AI has emerged as a significant driver of economic growth and social progress, creating new jobs, enhancing healthcare, and increasing access to information and services. At the same time, the international community is striving to guarantee that the benefits of AI are distributed equitably and that its negative impacts are mitigated through effective regulation and governance.

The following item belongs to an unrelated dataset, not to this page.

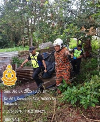 (古晋7日讯)石隆门甘榜斯格(Kpg Skio)今早惊传上吊轻生悲剧,消拯员受召协助把男子尸体从住家旁一棵3米高的树上移下。

Overall, this scenario is characterized by a high degree of collaboration, cooperation, and trust, as well as a strong commitment to responsible AI development and deployment.
Drivers:
- Increasing recognition of the potential benefits of AI for society and the global economy
- Growing momentum for international cooperation and collaboration on AI governance and regulation
Inhibitors:
- Resistance to change and challenges in adopting new technologies and practices
- Political, economic, and ideological differences among nations and stakeholders on the approach to AI regulation and governance
Conclusion
The outcome of AI is fascinating, despite the fact that the work is not yet automated and requires close human supervision, albeit it seems to have more room to be improved. AI also suggests a best and worst case scenario, though the classification is subjective and depends on the values and priorities of stakeholders involved. For example, “Global AI-Powered Peace” could be considered the best case scenario in the context of this scenario planning exercise, while “AI-Fueled Global Tensions” could be considered the worst case scenario. However, this depends on the specific criteria used to define “best” or “worst,” and it doesn’t relate to the generated scenario in this experiment.